■ **Dataset records**:

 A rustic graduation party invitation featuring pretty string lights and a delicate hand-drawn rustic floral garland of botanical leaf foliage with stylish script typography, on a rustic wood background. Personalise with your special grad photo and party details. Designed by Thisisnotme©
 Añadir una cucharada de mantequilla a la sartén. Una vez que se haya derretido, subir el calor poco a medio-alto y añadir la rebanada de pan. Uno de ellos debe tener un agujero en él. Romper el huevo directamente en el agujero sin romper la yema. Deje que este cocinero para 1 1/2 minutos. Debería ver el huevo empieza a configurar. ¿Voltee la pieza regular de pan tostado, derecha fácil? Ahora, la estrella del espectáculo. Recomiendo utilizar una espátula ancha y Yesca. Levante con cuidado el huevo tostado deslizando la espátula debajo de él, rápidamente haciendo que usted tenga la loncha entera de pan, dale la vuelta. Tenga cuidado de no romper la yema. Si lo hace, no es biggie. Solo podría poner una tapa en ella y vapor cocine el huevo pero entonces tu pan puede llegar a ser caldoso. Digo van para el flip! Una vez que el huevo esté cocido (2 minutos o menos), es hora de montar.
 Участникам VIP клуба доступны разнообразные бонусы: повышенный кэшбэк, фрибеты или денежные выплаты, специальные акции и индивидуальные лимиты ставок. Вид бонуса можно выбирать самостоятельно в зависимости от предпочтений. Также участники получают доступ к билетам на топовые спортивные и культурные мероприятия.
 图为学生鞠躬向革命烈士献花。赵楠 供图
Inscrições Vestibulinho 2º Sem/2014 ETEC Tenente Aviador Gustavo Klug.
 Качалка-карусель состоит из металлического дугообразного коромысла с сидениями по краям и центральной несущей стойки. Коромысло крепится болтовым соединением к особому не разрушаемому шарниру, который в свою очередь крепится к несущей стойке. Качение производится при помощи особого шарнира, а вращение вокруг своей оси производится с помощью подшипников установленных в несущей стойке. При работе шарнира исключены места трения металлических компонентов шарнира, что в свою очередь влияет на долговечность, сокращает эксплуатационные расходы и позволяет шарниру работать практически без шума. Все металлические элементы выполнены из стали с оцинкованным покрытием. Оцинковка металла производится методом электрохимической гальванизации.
* * *
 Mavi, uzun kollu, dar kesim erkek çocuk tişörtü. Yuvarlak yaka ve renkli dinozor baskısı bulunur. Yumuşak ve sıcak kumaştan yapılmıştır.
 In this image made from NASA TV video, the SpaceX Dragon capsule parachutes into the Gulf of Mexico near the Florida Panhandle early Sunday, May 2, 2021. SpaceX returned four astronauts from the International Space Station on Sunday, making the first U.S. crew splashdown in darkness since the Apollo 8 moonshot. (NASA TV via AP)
* * *
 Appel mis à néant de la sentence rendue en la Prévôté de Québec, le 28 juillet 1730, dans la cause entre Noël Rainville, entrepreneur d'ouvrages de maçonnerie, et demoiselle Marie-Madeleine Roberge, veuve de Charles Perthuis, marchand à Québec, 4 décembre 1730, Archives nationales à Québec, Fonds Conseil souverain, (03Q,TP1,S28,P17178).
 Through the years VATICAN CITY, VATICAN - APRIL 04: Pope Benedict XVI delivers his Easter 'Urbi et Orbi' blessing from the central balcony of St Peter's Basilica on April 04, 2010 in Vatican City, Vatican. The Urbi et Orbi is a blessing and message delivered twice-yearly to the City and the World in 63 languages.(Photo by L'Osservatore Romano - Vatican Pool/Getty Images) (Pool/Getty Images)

■ **Instructions for the task**: Copy the entries above exactly, but only from the line holding "Участникам VIP клуба" through the line holding "Inscrições Vestibulinho 2º", both included.

■ **Output**:
 Участникам VIP клуба доступны разнообразные бонусы: повышенный кэшбэк, фрибеты или денежные выплаты, специальные акции и индивидуальные лимиты ставок. Вид бонуса можно выбирать самостоятельно в зависимости от предпочтений. Также участники получают доступ к билетам на топовые спортивные и культурные мероприятия.
 图为学生鞠躬向革命烈士献花。赵楠 供图
Inscrições Vestibulinho 2º Sem/2014 ETEC Tenente Aviador Gustavo Klug.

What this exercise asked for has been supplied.